230,000 real sounding “fake” words

The list is available under a Creative Commons license, and can be viewed and downloaded here.

The list of real sounding “fake” words used for the new Apps 4  EFL activity “Fight the Fakes” is now available for download.

The list was generated by looping through each of the words from the SIL list and splitting them into three-letter chunks. A Markov chain process was then used to determine which of the three letter chunks were most likely to precede or follow each other. The three-letter chunks were then recombined according to these likelihoods in order to create realistic sounding neologisms of various lengths, e.g.

  • generotizing
  • liminativate
  • coronably
  • solarians
  • troscorifyingly

The words were doubled checked against the SIL list to ensure no real words were accidentally generated.

Fun ways to teach with the words

  • Try the new Apps 4 EFL activity Fight the Fakes, which uses the words as distractors against low frequency items from the BNC
  • Ask your students to try and invent “definitions” for the fake words based on what they sound like, e.g. “hispanelist (n.), chat show panelist from Latin America”, “mandibilious (adj.), used to describe an animal with extraordinarily strong jaws”, “rattlesnatcher (n.), a person who goes around stealing toys from small children”
  • Use them as in Yes/No vocabulary knowledge tests to ensure students don’t cheat by clicking “Yes, I know this word” for every item

Rankings, definitions, pronunciations and additional data for NGSL, NAWL, TSL, and BSL

I have generated supplementary data for four word lists (NGSL, NAWL, TSL, and BSL) originally created by Dr. Charles Browne et al. The supplementary data includes:

  1. Word: the word (lemma) as it appears on the original list
  2. POS: the most common part-of-speech for the word according to the Moby Part-of-Speech database
  3. BNC Rank: the frequency ranking of the word according to the British National Corpus (lower number equals higher frequency)
  4. Google Rank: the frequency ranking of the word according to the Google Corpus (lower number equals higher frequency)
  5. IPA: the International Phonetic Alphabet transcription of the word, using data derived from the CMU Pronuncing Dictionary
  6. Conjugations: variations of the form of the word according to tense, person, etc*
  7. Synonyms: a list of words with similar or related meanings*
  8. – 23. Multilingual definitions: Arabic, Chinese, German, Greek, English, French, Italian, Japanese, Korean, Dutch, Portuguese, Russian, Spanish, Swedish, Thai, and Turkish*

*Data provided by public domain dictionary/thesaurus sources, where available.

Download the data:

This supplementary data is available under the same license as the original lists: Creative Commons Attribution-ShareAlike 4.0 International License.
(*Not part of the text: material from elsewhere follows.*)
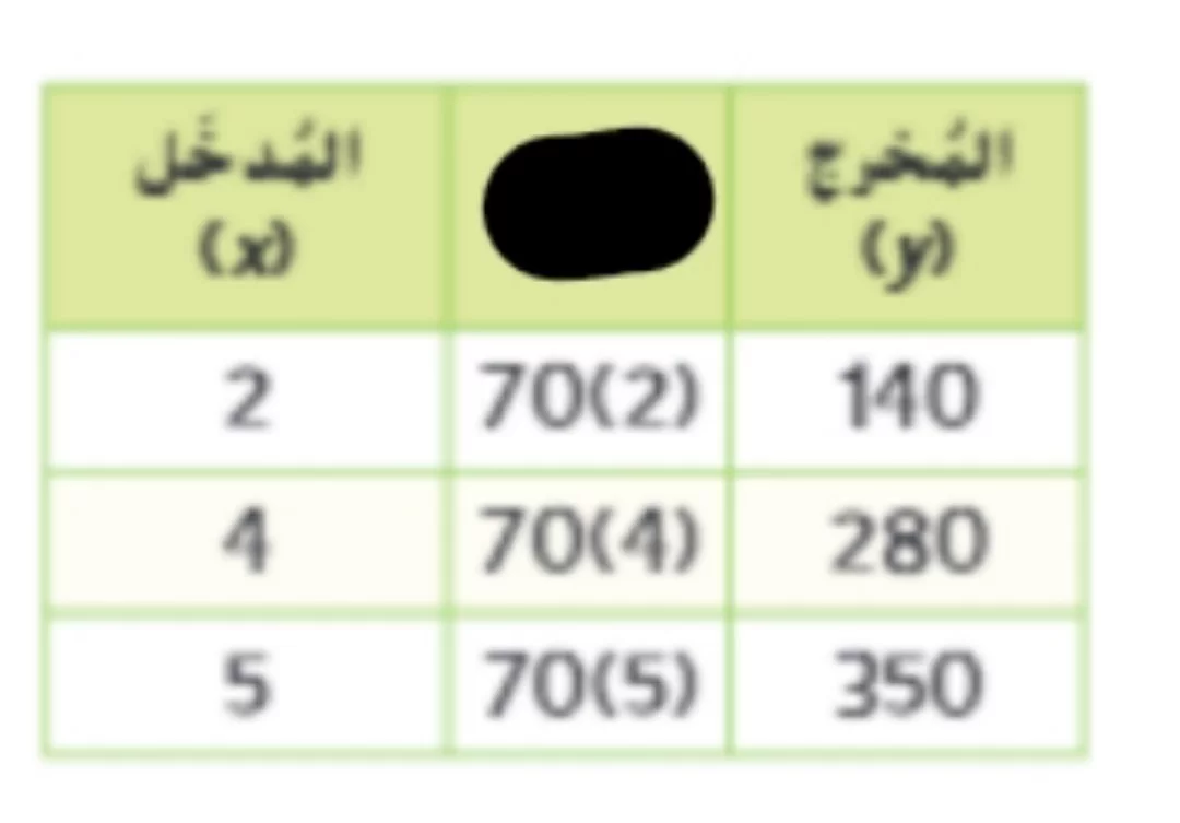 نلاحظ من خلال العمليات الموضحة في الجدول أن كل مخرج هو حاصل ضرب المدخل في 70 (2 × 70 = 140، 4 × 70 = 280، 5 × 70 = 350)، لذا القاعدة هي الضرب في 70.

Introducing the TfSL (TOEFL Service List)

The final list consists of 3,773 high frequency TOEFL words, and can be downloaded here.
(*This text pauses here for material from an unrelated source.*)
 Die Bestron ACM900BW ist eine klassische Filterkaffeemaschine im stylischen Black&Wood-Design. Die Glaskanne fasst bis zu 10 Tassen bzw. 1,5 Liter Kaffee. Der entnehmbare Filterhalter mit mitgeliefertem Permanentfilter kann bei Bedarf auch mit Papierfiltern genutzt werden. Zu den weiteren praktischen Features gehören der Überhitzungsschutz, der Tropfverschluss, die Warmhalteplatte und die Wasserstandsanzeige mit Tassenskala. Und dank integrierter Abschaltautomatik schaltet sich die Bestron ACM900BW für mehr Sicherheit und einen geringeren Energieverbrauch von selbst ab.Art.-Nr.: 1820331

Step 1: Assemble a corpus of TOEFL materials

TOEFLFor my corpus, I used material from both the older CBT (Computer Based Test) and the current iBT (Internet Based Test). I found most of the materials online for free. Some were already in plain text format, but most were PDFs and required Optical Character Recognition (OCR) to convert to plain text. I used ABBYY’s FineReader Pro for Mac, but there are plenty of other options out there too. Some files were Microsoft Word format (.doc/.docx), and MacOS X’s batch conversion utility came in hand for these. I included model answers, listening transcripts, reading passages and multiple choice questions (prompts, distractors and answers). I tried to exclude explanations, advice and instructions from the authors and/or publishers.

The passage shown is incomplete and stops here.